You wouldn’t run a marathon without first training your body; and Arizona substance abuse counselor, Richard Poppy, says quitting a chemical addiction requires just as much preparation – of your mind.
Poppy opened Oro Valley’s Desert Star Addiction Recovery Center in 2009. More than an outpatient treatment facility, Desert Star also promotes the idea that addiction isn’t a failure, but an illness. It’s that pioneering attitude and homey atmosphere that earned Poppy’s center a recent feature in The Explorer News. That article, in turn, earned The Explorer a newspaper article mounting to preserve its great news.
Sonoran Desert Star Bulks Up On Comfort
The Desert Star is meant to make its clients feel relaxed, as if they were at home. Poppy said this was to leave behind the cold, clinical detachment of most treatment facilities and hospitals. It’s not punishment for addiction that drives Poppy’s business model; it’s preparation for the next big step in overcoming addiction.
“We frequently compare (recovery) to training for a marathon,” Poppy told The Explorer, “in that the most difficult moments pose both the highest risk for relapse, as well as the greatest opportunity for breakthrough.”
It is the hope of each client’s breakthrough to overcoming addiction that inspires Poppy and his staff of therapists, counselors and psychologists to custom-design each person’s training program.

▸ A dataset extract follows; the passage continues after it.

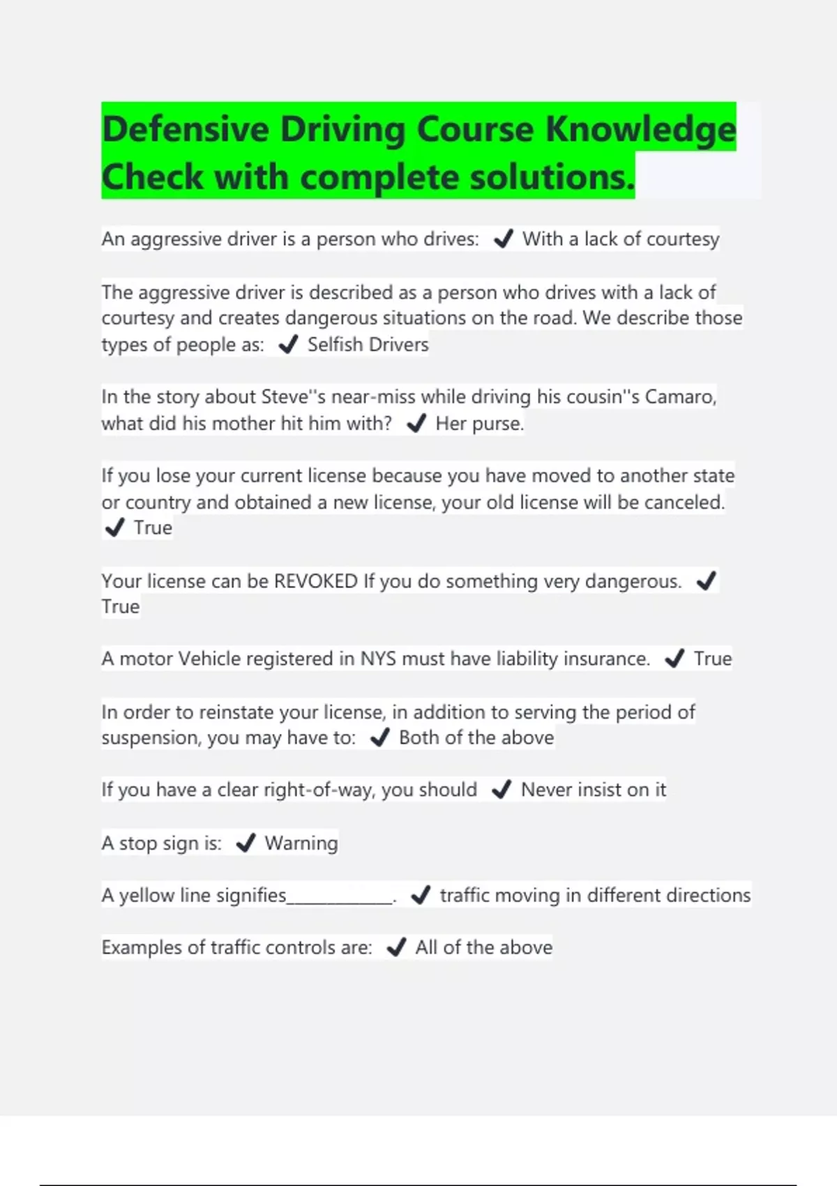 Defensive Driving Course Knowledge Check with complete solutions. An aggressive driver is a person who drives: ️ With a lack of courtesy The aggressive driver is described as a person who drives with a lack of courtesy and creates dangerous situations on the road. We describe those types of people as: ️ Selfish Drivers In the story about Steve''s near-miss while driving his cousin''s Camaro, what did his mother hit him with? ️ Her purse. If you lose your current license because you have moved to another state or country and obtained a new license, your old license will be canceled. ️ True Your license can be REVOKED If you do something very dangerous. ️ True A motor Vehicle registered in NYS must have liability insurance. ️ True In order to reinstate your license, in addition to serving the period of suspension, you may have to: ️ Both of the above If you have a clear right-of-way, you should ️ Never insist on it A stop sign is: ️ Warning A yellow line signifies_____________. ️ traffic moving in different directions Examples of traffic controls are: ️ All of the above

The extra effort to personalize their rehabilitation, says Poppy, pays off in big ways both during and after recovery. In this race, he explained, there’s no winning ribbon or trophy. The goal in this race is independence.

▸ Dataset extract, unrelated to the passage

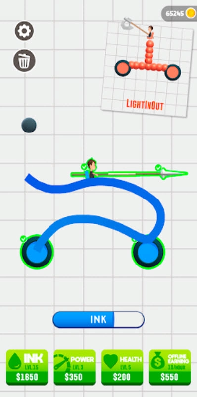 1、在游戏里用有限的墨水绘制出各式各样的战车,和敌人展开对抗。

Custom Article Mounting Celebrates Desert Star Press Coverage
Whether it’s recovery from addiction or marathon training, those who help people reach personal milestones are elevated by positive media coverage. Poppy, like many whose crusades take them into people’s lives and hearts, didn’t open the Desert Star with a thought to his own personal stardom. But, the Desert Star itself is what shines through in The Explorer coverage. It highlights the business model that puts people first and their illnesses a distant second in a race to healthy living, and that business model is worth celebrating.